Indeed powa solely relies on pg_stat_statements to retrieve the base queries, and it's pg_stat_statements' job to normalize the queries.

Did you see those queries with the constant still in the query text in the query detail tab or other place in the UI?

It's possible that this query was present in pg_stat_statements and has been evicted since, while powa will retain it for some time. Did they have different queryid? Can you check if that queryid exist in the remote server's pg_stat_statements view, possibly with a different query text? Note that postgrespro is a forked version of postgres, and I don't know whether they changed something in pg_stat_statements.

For the UI bug, that's quite surprising. Note that the next version will come with a fully rewritten interface so this will hopefully fix that problem.

plvnv commented 7 months ago

yes, i see it in the query detail tab (see screenshot) and on screen with all queries list

изображение

Those queries have different id's:

Now i can't see this querys in pg_stat_statements,

only in

powa_statements, powa_kcache_metrics_current, powa_statements_history

rjuju commented 7 months ago

I see. Do you still see new activity for the query in powa since you checked that there's no such record in the original server's pg_stat_statement?

plvnv commented 7 months ago

Right Now I don't see any new query activity, probably because pg_stat_statements no longer shows any of the 2 queries (with and without constants). But yesterday I saw a similar picture, the activity of the query with constants changed when viewed through powa-web and at that moment pg_stat_statements was showing only one query with parameters ($1, $2 ...)

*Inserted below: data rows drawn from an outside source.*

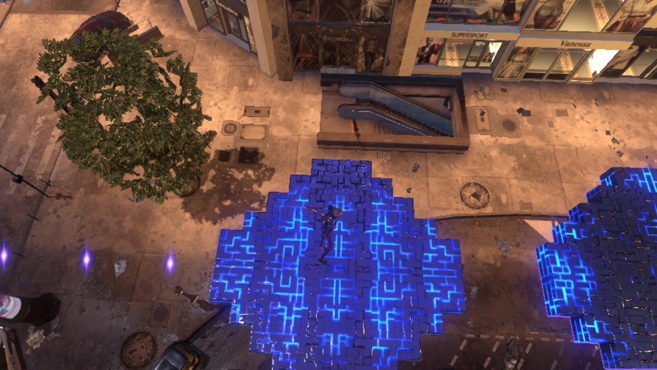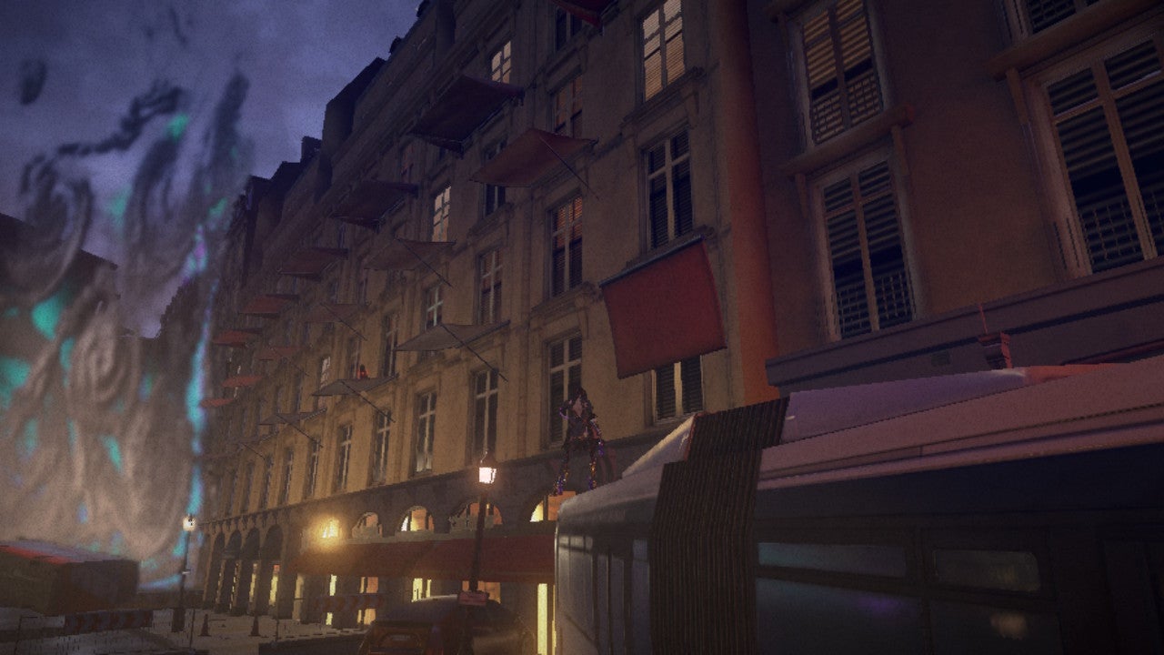 Once you’re out of the dark, come out the tunnel and make an immediate U-turn. Head down the alley behind you, and you’ll see a challenge portal that’ll take you to Verse 3. Here, there’ll be a Cat meowing above you on a series of awnings that collapse when you stand on them. Pressure the Cat to the end, and it’ll try to hop up to an awning – you can catch it as it leaps if you position yourself well.
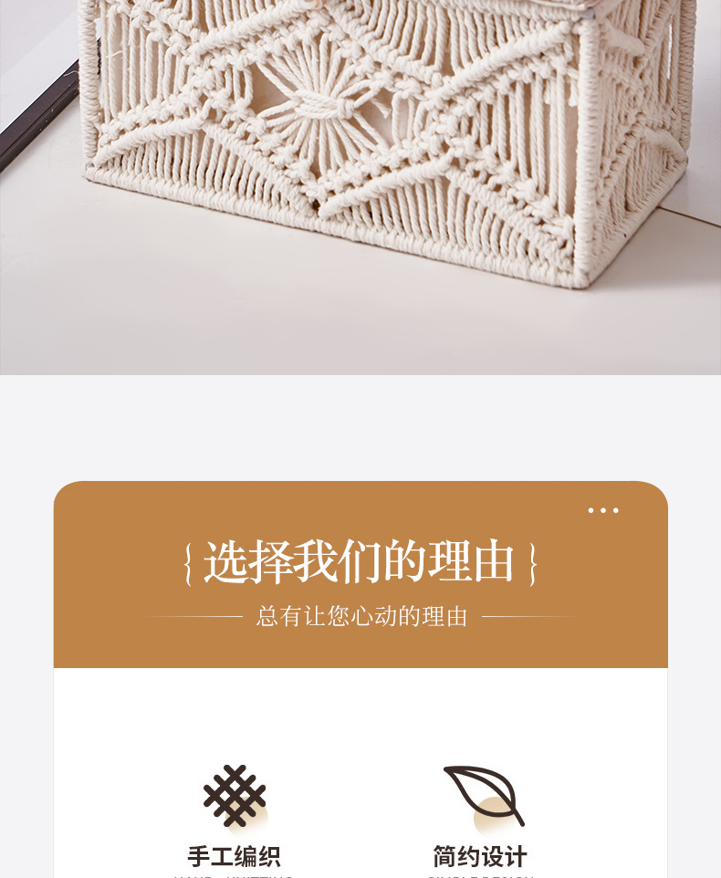 アマゾンのティッシュケースの手編み北欧の家庭用日常置物収納ケースの綿紐編み引き出し箱
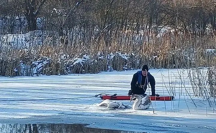 В Ростовской области спасатели эвакуировали замерзающего лебедя на реке Большой Несветай в Родионово-Несветаевской слободе. Самец не мог бросить погибшую подругу и оставался с ней до прибытия помощи, сообщили в «Ростовской областной поисково-спасательной службе».
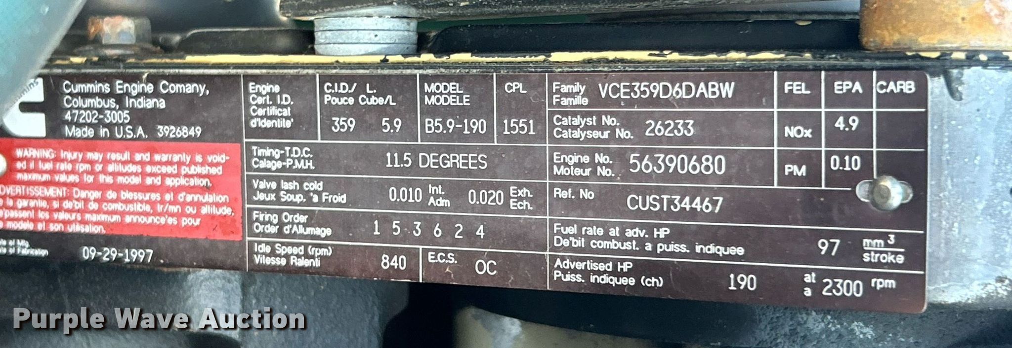1998 Ford F800 flatbed truck. Miles: 120,915 on odometer, VIN: 1FDWF80C4WVA33754. Engine Cummins B5.9, Serial: 56390680, Displacement: 5.9L, Cylinders: 6, Fuel type: Diesel. Transmission Manual, Speed: 6. Chassis Axles: Single, Suspension: Spring, Brakes: Air, GVWR: 26,000 lbs, Wheelbase: 225". Interior Heat. Features Flatbed 20' 5" L x 96" W. Tires Size: 10R22.5. Notes Windshield chipped or cracked. Oklahoma classic title. Collinsville, OK 74021
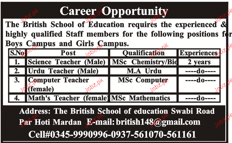 Science Teachers, Urdu Teachers, Computer Teachers Wanted
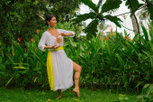 Szczęśliwa młoda kobieta z kosz pełen owoców egzotycznych w tropikalnym ogrodzie

Yesterday I think it was some corruption in powa repository, i update powa-archvist from 4.1.4->4.2.2, powa-web from 4.1.3->4.2.0 and recreate powa repository from scratch, but as we can see, it didn't help.

rjuju commented 7 months ago

Oh, that's interesting. Can you confirm that pg_stat_statementd view contains close to pg_stat_statements.max record?

If yes it means that your workload has more normalized queries that what pg_stat_statements can retain. That would explain that those entries are not present anymore if it's queries that haven't been executed recently.

Also, if your workload contains a lot more normalized queries that what pg_stat_statements can contain, it will keep evicting queries almost constantly. That's quite bad as it will really hurt performance (I've seen report of more than 40% overhead in that case), but it can also lead to pg_stat_statements storing non-normalized query text.

The reason for that is because pg_stat_statements can only normalize the query text after parsing the query (as it's the parser that gives the information about the constants location), but it the underlying entry is evicted between query parsing and the end of the execution, it will create a new entry using the original query text as a fallback. Now it's possible that this entry is then stored by powa, then evicted again and then stored again but during the query parsing, which means that you will see a normalized query text in pg_stat_statements while powa only stored the first version it saw, which wasn't normalized.

That's quite an unlikely scenario. Maybe your workload relies on temporary tables? In that case it would become much more likely, as basically all queries touching a temporary table will get a different queryid, leading to a virtually infinite number of entries that pg_stat_statements will never be able to handle.

plvnv commented 7 months ago
powa=# show pg_stat_statements.max 
powa-# ;
 pg_stat_statements.max 
------------------------
 10000
(1 row)

powa=# select count(*) from pg_stat_statements ;
 count 
-------
  9905
(1 row)

It seems to me that temp tables are not used often in our system

rjuju commented 7 months ago

Thanks for the details.

It seems clear to me that your pg_stat_statements.max is too low. If indeed you're not relying on temp tables, or not much, you may be able to fix this problem and also improve performance globally by raising it. Since powa will retain more queryid than pg_stat_statements it can give you an idea of what value you should use for pg_stat_statements.max.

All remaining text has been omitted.